ABOUT THIS TASK: Make an exact transcript of the lines in the data below, starting with the one containing "A close up image of an earthworm." and going on through the one containing "You will be", with both included and the pictures left out.

GIVEN INFORMATION:
======
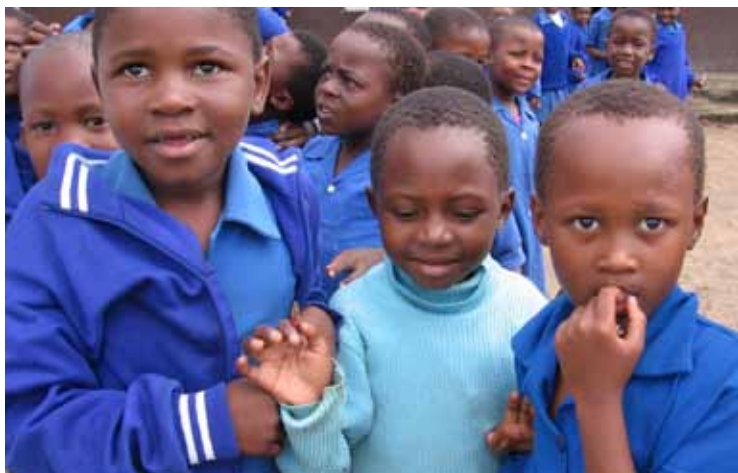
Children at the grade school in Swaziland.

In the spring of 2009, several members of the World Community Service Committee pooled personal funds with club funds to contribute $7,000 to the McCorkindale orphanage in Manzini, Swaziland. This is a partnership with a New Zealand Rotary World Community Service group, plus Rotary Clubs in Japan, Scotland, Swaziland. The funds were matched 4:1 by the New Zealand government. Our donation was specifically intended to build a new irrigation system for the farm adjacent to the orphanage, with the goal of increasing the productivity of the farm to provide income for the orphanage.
======
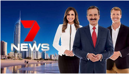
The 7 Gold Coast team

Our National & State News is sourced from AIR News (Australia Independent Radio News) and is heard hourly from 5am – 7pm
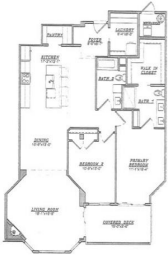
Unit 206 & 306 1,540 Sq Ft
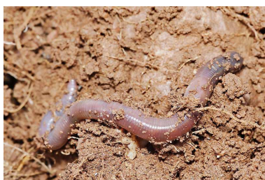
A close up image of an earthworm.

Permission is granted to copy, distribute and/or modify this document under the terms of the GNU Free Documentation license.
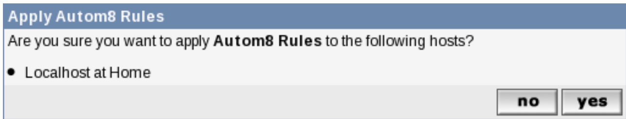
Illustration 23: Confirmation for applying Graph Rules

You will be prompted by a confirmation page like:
======
ANSWER TO THE PROBLEM:
A close up image of an earthworm.

Permission is granted to copy, distribute and/or modify this document under the terms of the GNU Free Documentation license.
Illustration 23: Confirmation for applying Graph Rules

You will be prompted by a confirmation page like:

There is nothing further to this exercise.